◆ THE INPUT
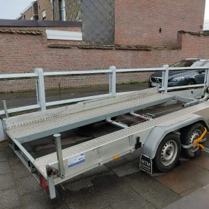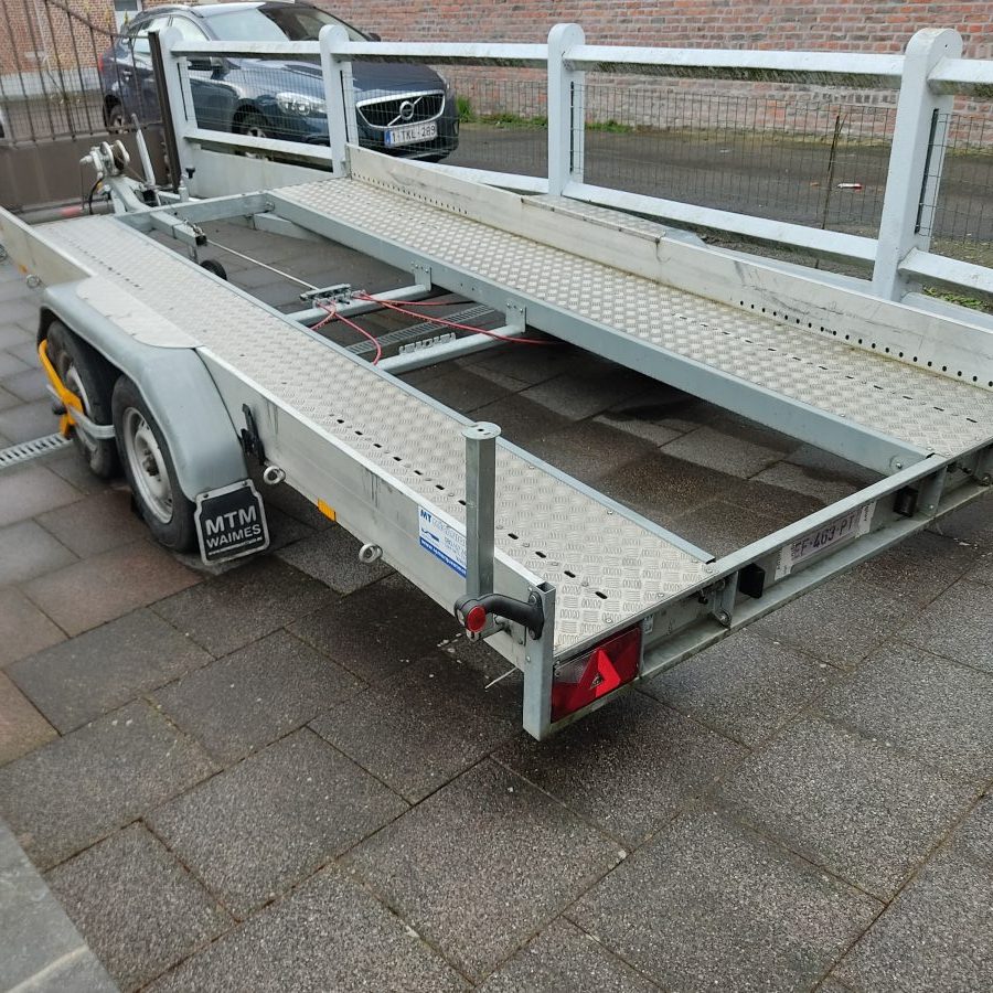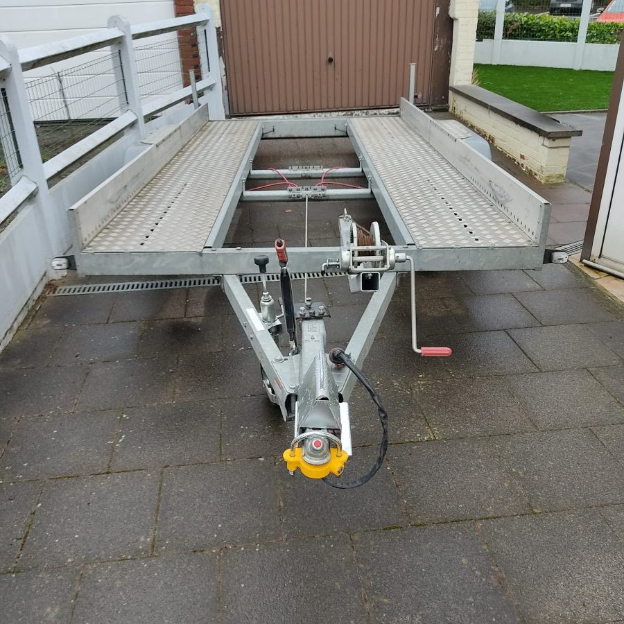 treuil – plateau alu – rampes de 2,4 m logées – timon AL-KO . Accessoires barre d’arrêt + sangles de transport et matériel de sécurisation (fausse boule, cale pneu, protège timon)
* * *
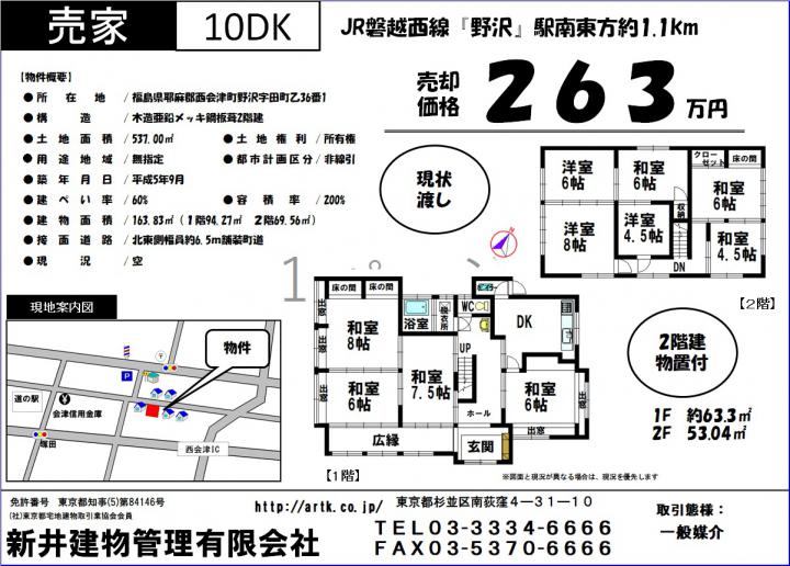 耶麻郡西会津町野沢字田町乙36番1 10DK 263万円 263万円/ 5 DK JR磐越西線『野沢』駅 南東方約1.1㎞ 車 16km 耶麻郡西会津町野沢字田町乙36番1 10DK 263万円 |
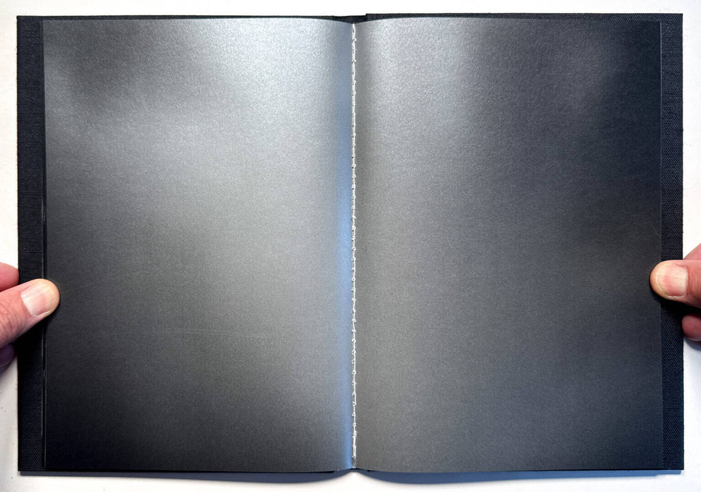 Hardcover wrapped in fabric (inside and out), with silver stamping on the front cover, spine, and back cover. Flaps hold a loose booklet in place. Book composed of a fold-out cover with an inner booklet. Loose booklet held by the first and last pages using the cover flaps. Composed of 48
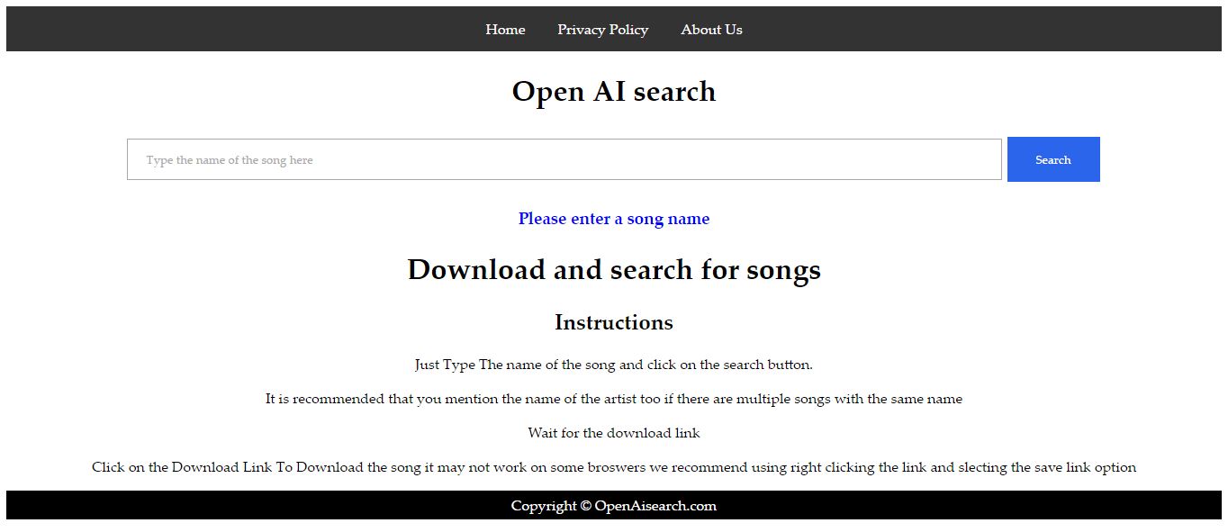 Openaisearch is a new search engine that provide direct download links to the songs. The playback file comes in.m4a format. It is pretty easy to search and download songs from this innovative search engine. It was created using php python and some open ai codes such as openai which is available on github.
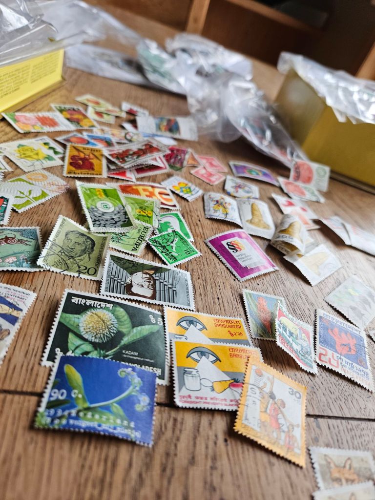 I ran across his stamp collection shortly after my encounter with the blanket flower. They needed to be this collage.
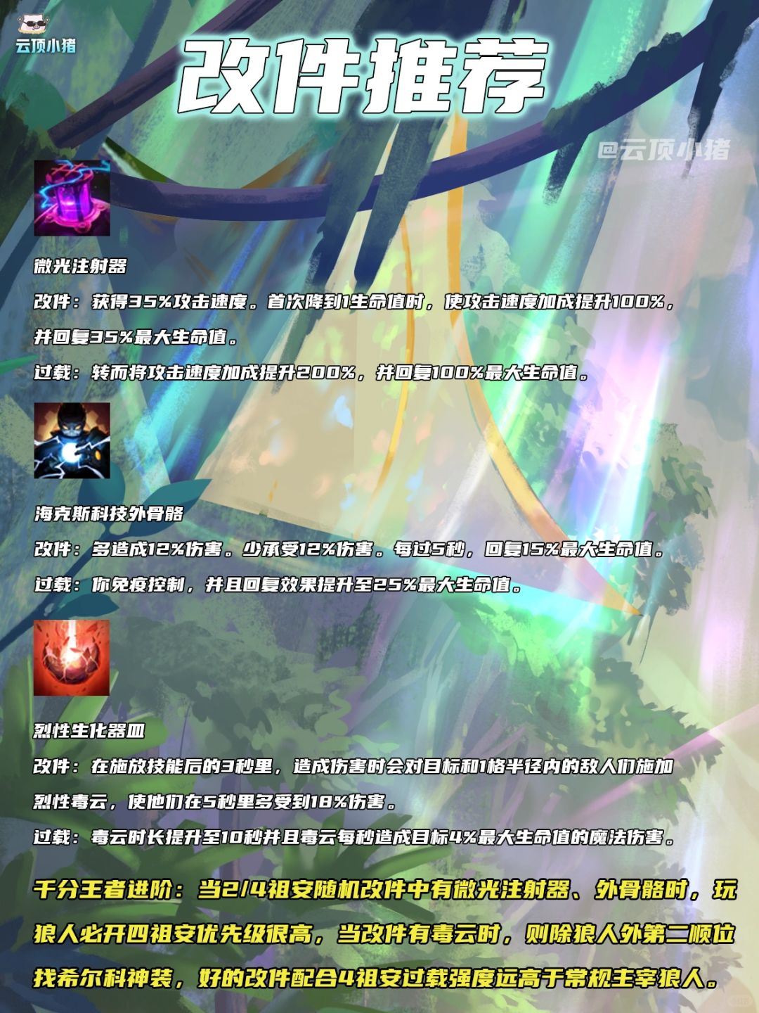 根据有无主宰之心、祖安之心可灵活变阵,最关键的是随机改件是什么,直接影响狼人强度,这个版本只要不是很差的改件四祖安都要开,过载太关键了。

◆ YOUR GOAL
The copy should hold exactly the lines above from the one with "Openaisearch is a" through the one with "根据有无主宰之心、祖安之心可", both ends counted, and no pictures at all.

◆ TASK SOLUTION
 Openaisearch is a new search engine that provide direct download links to the songs. The playback file comes in.m4a format. It is pretty easy to search and download songs from this innovative search engine. It was created using php python and some open ai codes such as openai which is available on github.
 I ran across his stamp collection shortly after my encounter with the blanket flower. They needed to be this collage.
 根据有无主宰之心、祖安之心可灵活变阵,最关键的是随机改件是什么,直接影响狼人强度,这个版本只要不是很差的改件四祖安都要开,过载太关键了。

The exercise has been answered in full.